Dante Barnett

Profile
- Position: Linebacker

Personal information
- Born: 11 February 2003 (age 23) Birmingham, England
- Listed height: 6 ft 1 in (1.85 m)
- Listed weight: 275 lb (125 kg)

Career information
- College: Dickinson
- NFL draft: 2025: undrafted

Career history
- Cincinnati Bengals (2025)*; Green Bay Packers (2025)*;
- * Offseason or practice squad member only
- Stats at Pro Football Reference

= Dante Barnett (defensive lineman) =

English gridiron football player (born 2003)
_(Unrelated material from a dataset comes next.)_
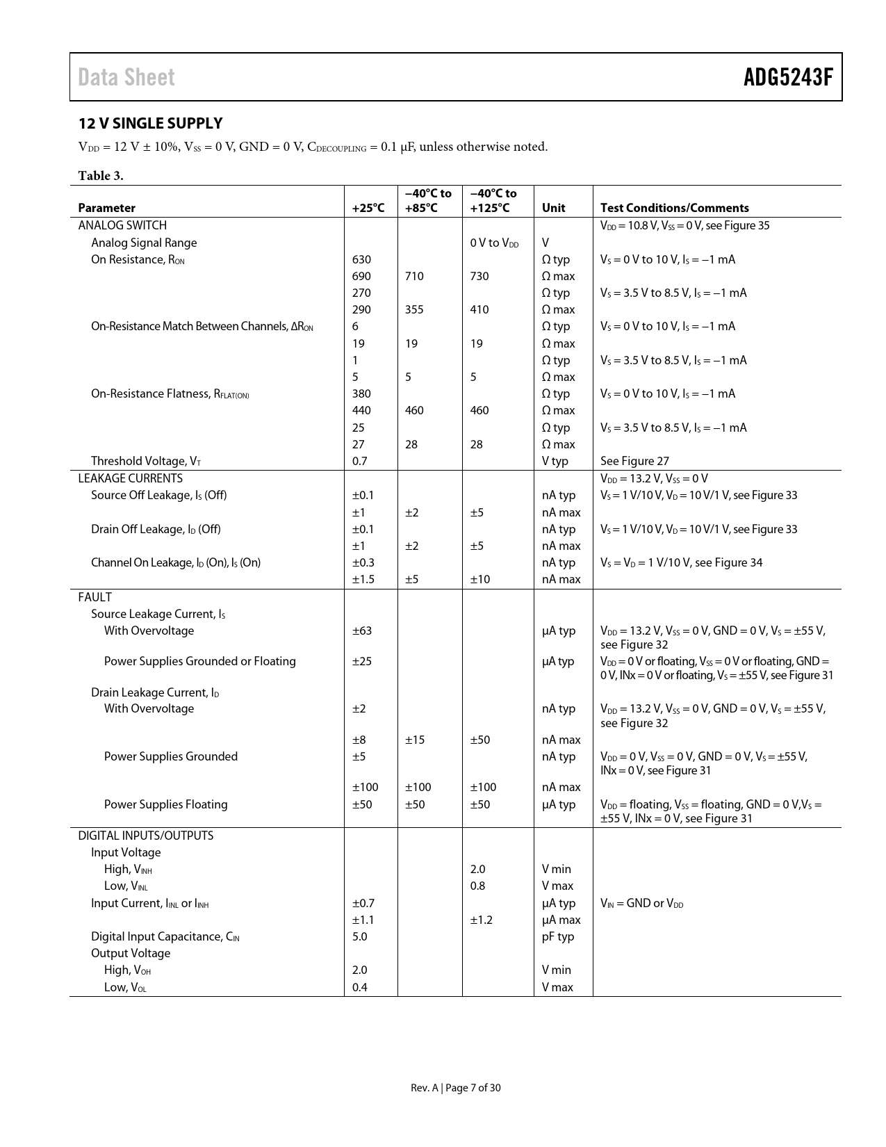 页数 / 页30 / 7 — Data Sheet. ADG5243F. 12 V SINGLE SUPPLY. Table 3. −40°C to. Parameter. …

Dante Barnett (born 11 February 2003) is an English football linebacker. He entered the league through the International Player Pathway Program, originally signing with the Cincinnati Bengals in 2025.

==Early life==
Barnett is from Birmingham, England, and played a number of sports growing up but took to American football and had successful try-outs at the NFL Academy located at Loughborough University in Leicestershire between 2019 and 2021. After three years at the NFL Academy, Barnett tried making the jump to American college football and received offers from schools in Texas such as Texas Christian University (TCU), Southern Methodist University (SMU), and the University of Houston, but did not have the grades, and instead went to an NCAA Division III school, Dickinson College in Pennsylvania, where he played for a year in 2022. He later became part of the NFL's International Player Pathway.

==Professional career==
===Pre-draft===

Pre-draft measurables
| Height | Weight | Arm length | Hand span | Wingspan | 40-yard dash | 10-yard split | 20-yard split | 20-yard shuttle | Three-cone drill | Vertical jump | Broad jump | Bench press |
| 6 ft 1 in (1.85 m) | 275 lb (125 kg) | 32+5⁄8 in (0.83 m) | 9+5⁄8 in (0.24 m) | 6 ft 5+1⁄8 in (1.96 m) | 4.70 s | 1.75 s | 2.77 s | 4.57 s | 7.33 s | 28.0 in (0.71 m) | 99 ft 0 in (30.18 m) | 24 reps |
All values from University of South Florida/IPP Pro Day

===Cincinnati Bengals===
On 27 April 2025, Barnett signed with the Cincinnati Bengals as an undrafted free agent. On 22 July, the Bengals released Barnett ahead of training camp.

===Green Bay Packers===
On 29 October 2025, the Green Bay Packers signed Barnett to their practice squad to fill their vacant International Player Pathways spot. He signed a reserve/future contract with Green Bay on 12 January 2026. On 28 July, Barnett was released by the team.

==Personal life==
Barnett's father died when he was young; he previously worked at a Jaguar-Land Rover plant. He is of Jamaican descent.